Mas meus olhos não foram para a mesa.
Foram direto pra ela.
Kler estava ao lado, ajudando a servir, completamente focada no que fazia. Postura reta, movimentos rápidos… profissionais.
Distante.
Como se eu fosse só mais um ali.
Aquilo me incomodou mais do que deveria. Nem parecia que há poucas horas atrás eu tinha cozinhado para ela, tinha a visto sorrir para mim.
— Por favor, sentem-se. — meu pai disse, orgulhoso.
Nos acomodamos, e a tal moça sentou ao meu lado. Madison era o nome dela.
Senti o perfume dela.
Forte.
Artificial.
Nada como o cheiro leve de ervas e sol que sempre vinha da Kler.
— A fazenda de vocês é realmente encantadora. — a moça disse, finalmente puxando assunto comigo.
— É. — respondi curto.
Ela pareceu levemente surpresa, mas rapidamente recompôs a expressão perfeita.
— Seu pai fala muito bem de você.
Soltei um sorriso sem humor.
— Imagino.
Do outro lado da mesa, Kler servia os pratos.
Quando ela se aproximou de mim, senti meu corpo inteiro reagir.
Ridículo.
— Obrigado. — falei baixo, quando ela colocou o prato na minha frente.
Ela apenas assentiu.
Sem olhar.
Sem parar.
Sem nada.
Como se eu não fosse ninguém.
Apertei levemente o garfo entre os dedos.
Tudo estava errado.
— E você, James… — Joe, pai da Madison, começou — Pretende assumir os negócios da família em breve?
Meu pai respondeu antes que eu pudesse abrir a boca.
— Com certeza! Ele já está sendo preparado para isso.
Mentira.
Mais uma.
Respirei fundo.
— Na verdade… — comecei.
Senti o olhar do meu pai em mim imediatamente.
Alerta.
Ameaça silenciosa.
Mas algo em mim já estava cansado de engolir tudo.
— Eu ainda não decidi isso.
O silêncio caiu sobre a mesa por um segundo.
Pequeno.
Mas suficiente.
— Ah… jovens. — o homem riu, tentando suavizar — Sempre cheios de dúvidas.
— Ou talvez… — falei, antes de pensar — só não aceitem decisões que não são deles.
Meu pai deixou o copo na mesa com mais força do que o necessário.

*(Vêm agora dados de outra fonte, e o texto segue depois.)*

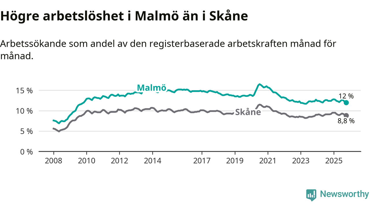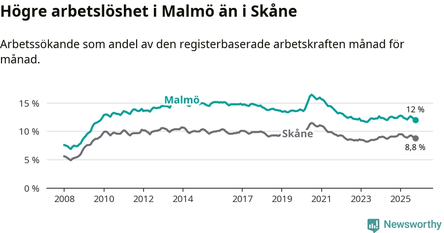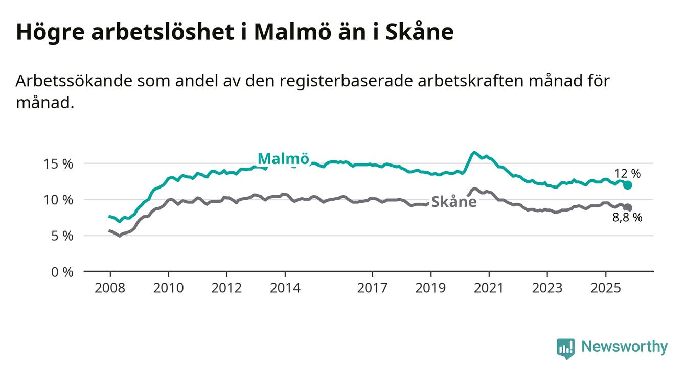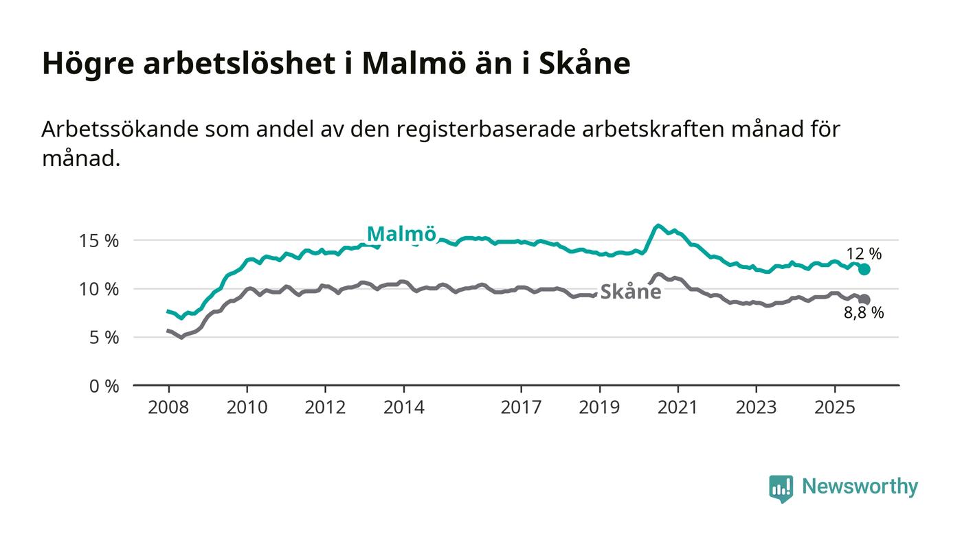 Även om arbetslösheten i Malmö alltså minskar, så ligger den fortfarande över snittet i hela Skåne län (12,0 procent i kommunen, jämfört med 8,8 procent i hela länet). Lomma har den lägsta arbetslösheten i länet (4,1 procent), medan Perstorp har den högsta (13,6 procent). För att Malmö skulle komma ner i samma arbetslöshetsnivå som Lomma skulle 14 943 personer behöva sysselsättas.

— James. — ele disse baixo.
Aviso.
Ignorei.
E foi aí que aconteceu.
Sem querer…
Olhei pra Kler.
E dessa vez, ela também me olhava.
Não desviou.
E no olhar dela…
Tinha algo diferente.
Não era só dor.
Como se, pela primeira vez naquela noite, eu tivesse feito algo que realmente importasse.
Mas durou pouco.
— Então… — a moça ao meu lado interrompeu, colocando a mão levemente sobre a minha — você gosta da vida no campo?
Olhei pra mão dela.
Depois pra Kler.
E então, devagar…
Afastei minha mão.
— Eu gosto de liberdade.
Falei sem tirar os olhos de Kler.
O clima mudou.
Dessa vez, todo mundo sentiu.
Meu pai ficou rígido.
Os convidados trocaram olhares discretos.
E Kler…
Kler abaixou o olhar.
Mas não antes de eu ver.
Ela tinha entendido.
Pov Kler
Ver o James no jantar com a mulher estupenda do lado dele, loira, com olhos azuis, cabelo muito bem peteado, roupas muito bem apresentadas e claramente de grife, postura elegante. Desejei com todas as minhas forças ser ela, não por ela ser quem era, mas por ela estar do lado James, por ela poder conversar com ele publicamente, por ela poder tocá-lo.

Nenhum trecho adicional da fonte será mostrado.